At the time of the next visit 8 a. m. the following day, examination found no indication of the six hours' storm of the night before. The condition had evidently been a rotary twist, but whether from right to left, or the reverse, defied most solicitous diagnostic effort.

Being intimate friends, as well as maintaining the relation of physician and patient, the doctor met him often for several years afterward, but never knew him to have any cardiac difficulty. Both removing from that locality to different cities, the doctor and his patient maintained correspondence until two years ago, when one morning, after rising at his usual early hour, the latter went into his parlor. Not responding to the breakfast call, he was found dead on a lounge, as if he had quietly fallen asleep. It was stated that he had died of "heart disease."

It would have been a mournful satisfaction, says Dr. Seymour, to know what relation, if any, existed between the accident of twenty-three years before and the finale.

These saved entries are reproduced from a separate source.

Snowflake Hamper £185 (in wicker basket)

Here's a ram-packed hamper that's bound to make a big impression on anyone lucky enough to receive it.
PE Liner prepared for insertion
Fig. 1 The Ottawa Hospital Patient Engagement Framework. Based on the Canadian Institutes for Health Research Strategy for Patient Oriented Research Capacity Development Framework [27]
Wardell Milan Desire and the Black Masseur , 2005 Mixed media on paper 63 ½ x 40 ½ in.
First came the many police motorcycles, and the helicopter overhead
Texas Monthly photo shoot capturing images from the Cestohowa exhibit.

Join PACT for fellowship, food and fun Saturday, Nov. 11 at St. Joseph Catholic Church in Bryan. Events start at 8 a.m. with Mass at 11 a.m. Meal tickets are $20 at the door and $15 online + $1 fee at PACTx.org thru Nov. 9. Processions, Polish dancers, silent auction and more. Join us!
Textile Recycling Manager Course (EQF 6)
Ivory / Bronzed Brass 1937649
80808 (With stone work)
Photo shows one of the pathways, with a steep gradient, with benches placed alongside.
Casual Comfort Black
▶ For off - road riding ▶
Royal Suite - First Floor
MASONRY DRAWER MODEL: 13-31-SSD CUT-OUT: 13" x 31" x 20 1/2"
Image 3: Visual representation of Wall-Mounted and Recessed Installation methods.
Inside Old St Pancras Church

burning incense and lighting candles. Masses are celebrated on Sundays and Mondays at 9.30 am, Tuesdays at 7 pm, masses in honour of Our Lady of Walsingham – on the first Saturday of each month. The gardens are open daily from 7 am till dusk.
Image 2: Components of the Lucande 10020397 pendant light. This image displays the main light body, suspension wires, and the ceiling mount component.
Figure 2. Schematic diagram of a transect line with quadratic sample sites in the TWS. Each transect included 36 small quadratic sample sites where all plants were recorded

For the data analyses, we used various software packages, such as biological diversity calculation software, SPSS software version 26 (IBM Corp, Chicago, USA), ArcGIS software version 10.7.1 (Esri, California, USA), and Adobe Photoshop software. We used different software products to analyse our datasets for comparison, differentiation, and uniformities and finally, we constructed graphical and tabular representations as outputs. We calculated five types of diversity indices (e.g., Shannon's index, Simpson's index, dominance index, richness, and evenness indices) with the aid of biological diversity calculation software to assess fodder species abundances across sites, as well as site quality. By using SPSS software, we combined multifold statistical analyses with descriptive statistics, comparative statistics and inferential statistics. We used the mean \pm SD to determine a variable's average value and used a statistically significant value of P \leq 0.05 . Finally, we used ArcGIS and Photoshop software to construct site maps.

The Common Nettle in Anemia. Dr. Hjalman Agnér (American Medical and Surgical Bulletin), was cured of anemia, when he was seventeen, by taking nettle soup. One of his patients, a girl of twenty, had tried all remedies recommended in anemia, including the preparations of iron, but without apparent benefit; he ordered her then nettle soup, first every second day; then, when she improved, twice a week. The patient was completely cured. The author treated many other cases with nettle, but as they received other treatment besides, he does not care to speak of them in detail. The common or stinging nettle and the dwarf nettle possess the same virtues, but the first is used almost exclusively. The best

time for collection is the spring; the best parts to use are the roots and stalks with only half-developed leaves. It may be used as an infusion-a handful to two quarts of water, two or three glasses thereof to be taken during the day; but it is much pleasanter to use in the form of a freshly-prepared soup from the fresh herb.

Class-Room Notes.

[From DUNGLISON'S COLLEGE AND CLINICAL RECORD.] -Dr. Hearn strenuously urges prompt attention to Slight Abrasions. They are frequently allowed to go on to troublesome and often dangerous cellulitis.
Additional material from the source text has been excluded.